Let Us Calculate

This is the most illuminating book that has yet come my way on the topic of artificial intelligence. One of its great merits is that it does not confine itself to the sterile question whether machines can properly be said to think but provides, as its title indicates, a succinct account of the ways in which modern computers work and of the social implications of their use. Mr. Bolter is an offspring of the marriage of C.P. Snow’s “Two Cultures.” A professor of classics, he also holds a master’s degree in computer science. The greater part of the book is devoted to matters of technological detail, but its originality and principal interest lie in the way in which it embeds the developments of technology in their cultural setting.

Alan Mathison Turing, to whom this book owes its title, was an English mathematician who was born in 1912 and died in 1954, most probably by his own hand. He was harried by his homosexuality, the practice of which, even between consenting adults, was still illegal in England at that date. During the war he had rendered great service to his country as a cryptographer. The paper that made him famous, “On Computable Numbers, with an Application to the Entscheidungsproblem (problem of decidability),” was published in the Proceedings of the London Mathematics Society as early as 1936. The paper was a contribution to symbolic logic but Turing was led to speak of machines by his concern with the question how far the exercise of logic resembles a mechanical procedure, and accordingly supplied computer scientists with what has become the standard concept of a Turing machine.

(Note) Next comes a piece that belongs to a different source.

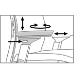 - アームの高さはキャップ下にあるボタンを持ち上げながら上下に調節、アームの位置はアームキャップをつかみ、上下、左右、角度にスライドさせて調節できます。身体の肘はなるべく身体に近づけ、手首とまっすぐになるように調節してください。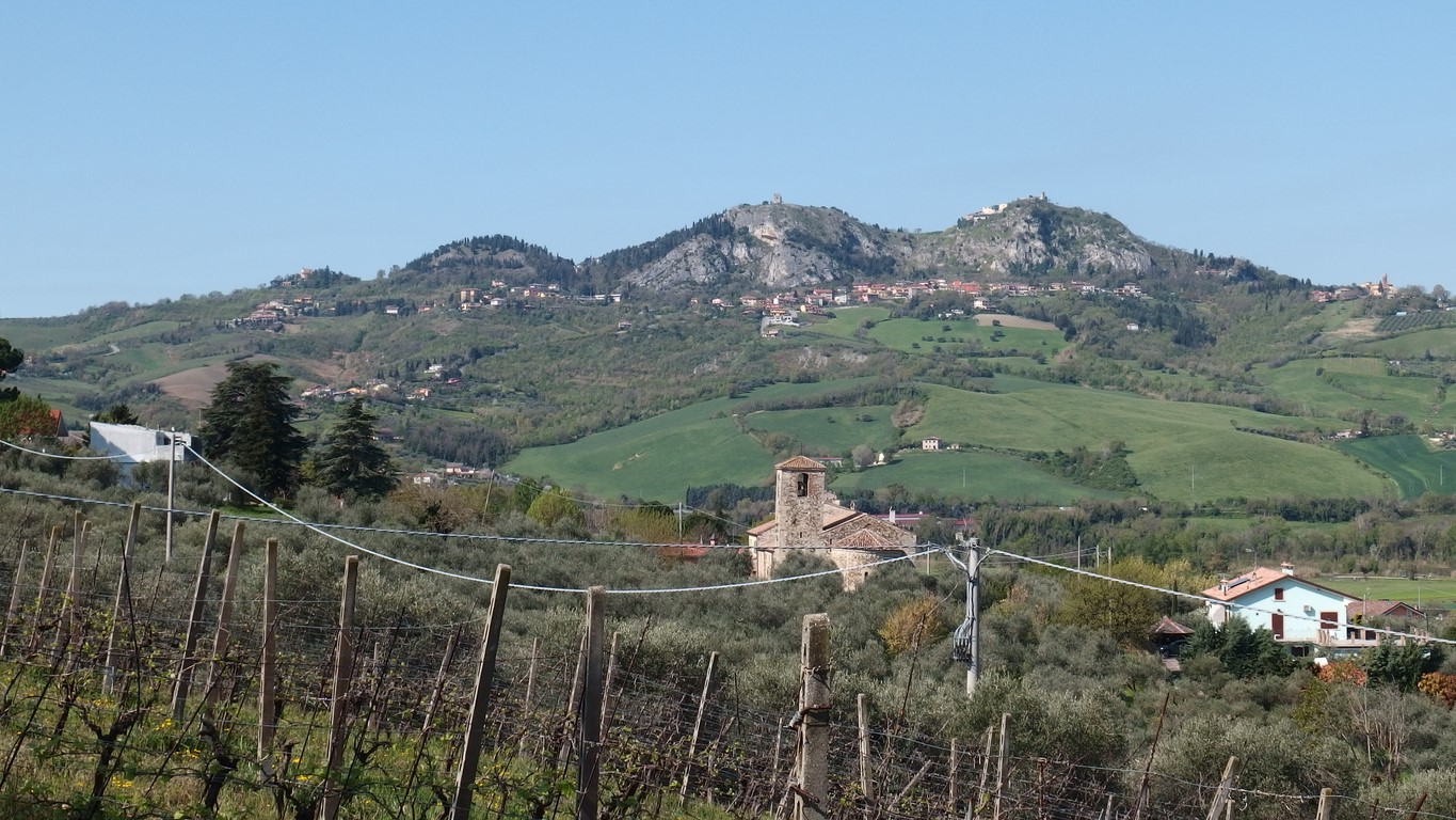 Veduta verso Torriana; in primo piano la chiesa romanica

The definition of a Turing machine, as set out in the Collins English Dictionary, is that it is “a hypothetical universal computing machine able to modify its original instructions by reading, erasing, or writing a new symbol on a moving tape of fixed length that acts as its program.” This is misleading only insofar as it suggests that the tape is required to be of some specific length. Clearly the length of any actual tape must be finite, but no limit is set to the length of the tape in the concept of the machine.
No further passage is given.